START RECORDS SUPPLIED

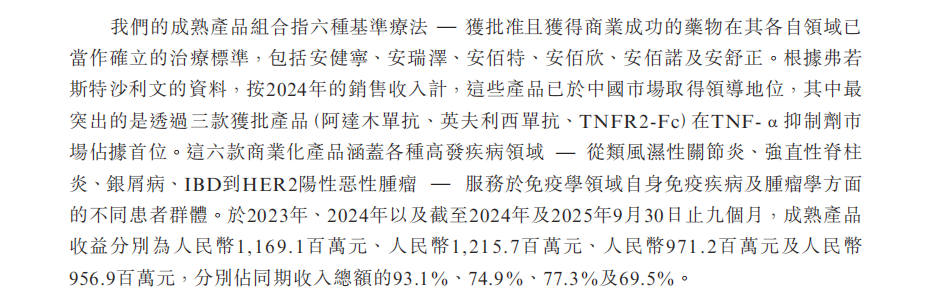 《财中社》注意到,公司创新药成色不足,类似药“挑大梁”。博锐生物定位为“创新生物制药公司”,但从收入贡献来看,其目前的造血核心依然是生物类似药。根据招股书数据,公司营收中约七成来自于成熟产品(主要为生物类似药)。2025年前三季度,成熟产品收入占比虽有下降,但仍高达69.5%,而创新产品(自研的安瑞昔与2024年通过CSO模式引入的“舶来品”倍捷乐 )营收占比仅为19.8%。
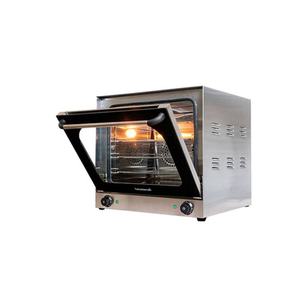Horno convector eléctrico profesional con función de circulación x aire caliente. Puerta con doble vidrio esmaltado y doble forzador. Luz interna y termostato.
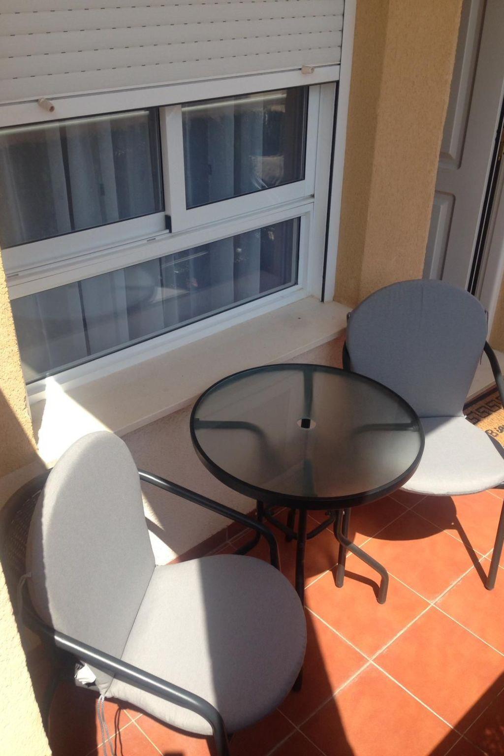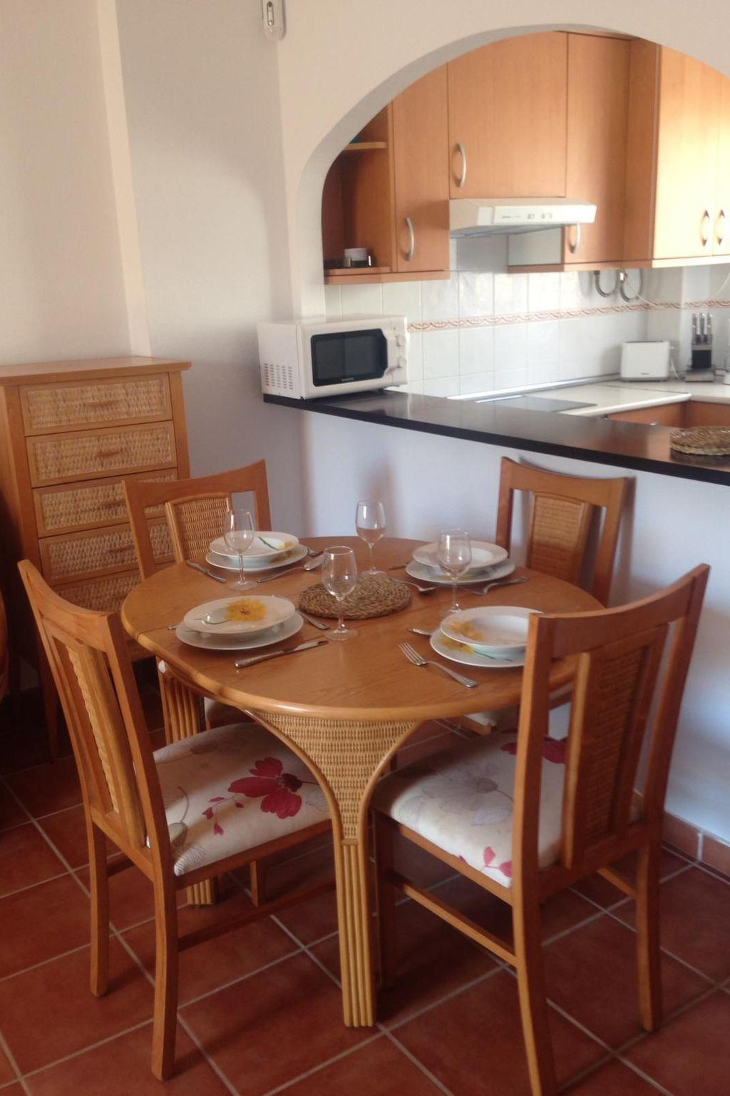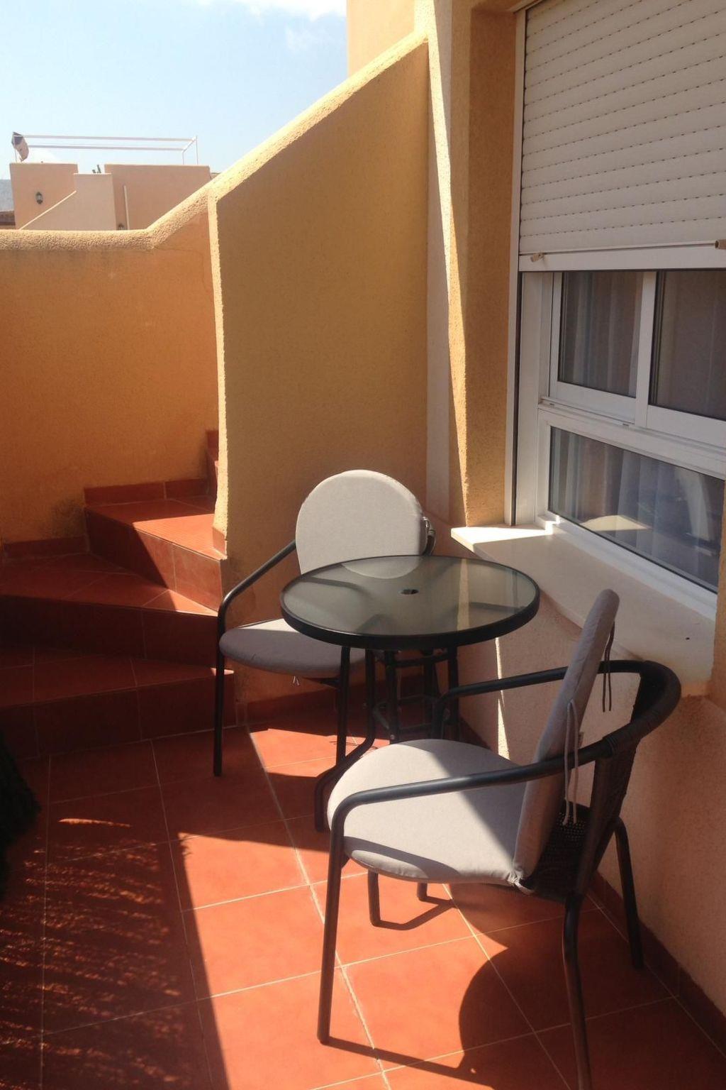 The accommodation has some stairs to the front door and stairs to the roof terrace and comprises: living room with sofa and two separate chairs, dining table with 4 chairs, DVD player, Spanish TV and WiFi available in the property. A balcony off the lounge offers you some views of the beautiful sea and mountains, with a set of table and chairs for relaxing. The kitchen has a large fridge, microwave, kettle, oven, hob, toaster and washing machine.
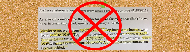 There are nuggets of truth in the misinformation above. The Medicare tax already increased as part of the Affordable Care Act. However, it applies only to employed couples earning more than $250,000 and employed individuals earning more than $200,000. The retirees living in my mother’s very modest senior community – and most working Americans – are not affected. Yet “shocking” information like this rears its head over and over again on Facebook, Twitter and other social media.
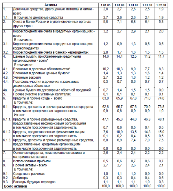 Таблица 4.3 Структура активов кредитных организаций, сгруппированных по направлениям вложений (в % к активам) (март 2008 год)
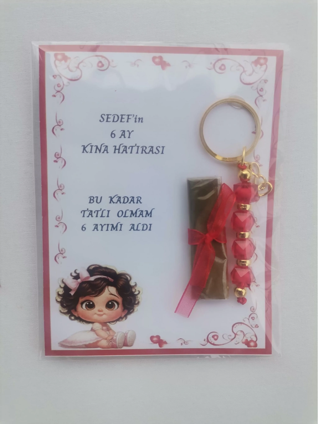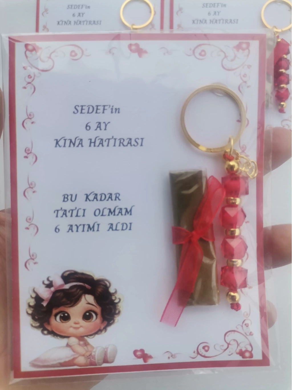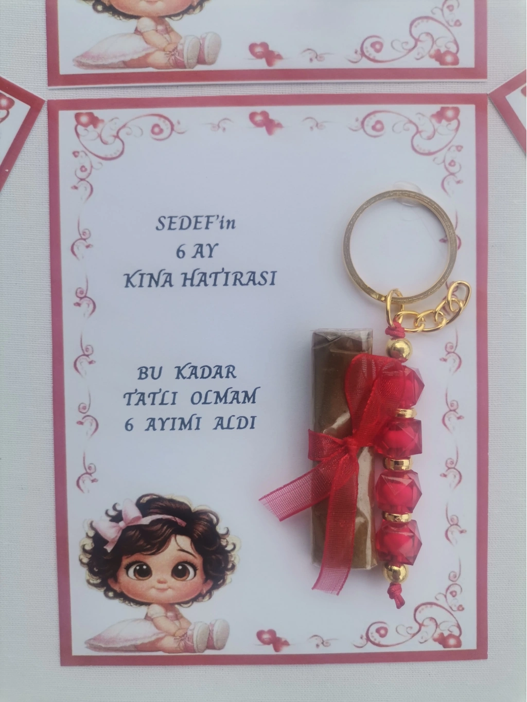 Her bir anahtarlık, kırmızı renkli tasarımıyla dikkat çeker ve 6 ay kınasının şıklığını tamamlar.
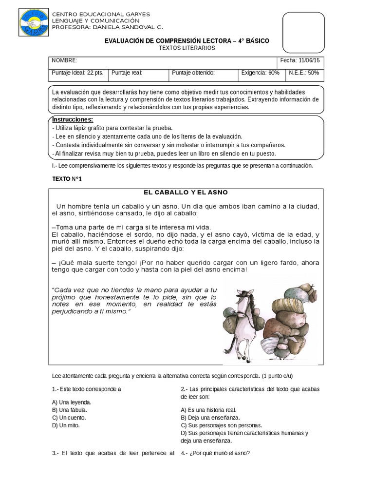 EVALUACIN DE COMPRENSIN LECTORA 4 BSICO

END RECORDS SUPPLIED

__WHAT TO PRODUCE__
Every line from the one holding "The accommodation has" through the last line of the entries above, and nothing else, is to be restated word for word. Pictures stay out.

__SOLUTION FOR THIS PROBLEM__
 The accommodation has some stairs to the front door and stairs to the roof terrace and comprises: living room with sofa and two separate chairs, dining table with 4 chairs, DVD player, Spanish TV and WiFi available in the property. A balcony off the lounge offers you some views of the beautiful sea and mountains, with a set of table and chairs for relaxing. The kitchen has a large fridge, microwave, kettle, oven, hob, toaster and washing machine.
 There are nuggets of truth in the misinformation above. The Medicare tax already increased as part of the Affordable Care Act. However, it applies only to employed couples earning more than $250,000 and employed individuals earning more than $200,000. The retirees living in my mother’s very modest senior community – and most working Americans – are not affected. Yet “shocking” information like this rears its head over and over again on Facebook, Twitter and other social media.
 Таблица 4.3 Структура активов кредитных организаций, сгруппированных по направлениям вложений (в % к активам) (март 2008 год)
 Her bir anahtarlık, kırmızı renkli tasarımıyla dikkat çeker ve 6 ay kınasının şıklığını tamamlar.
 EVALUACIN DE COMPRENSIN LECTORA 4 BSICO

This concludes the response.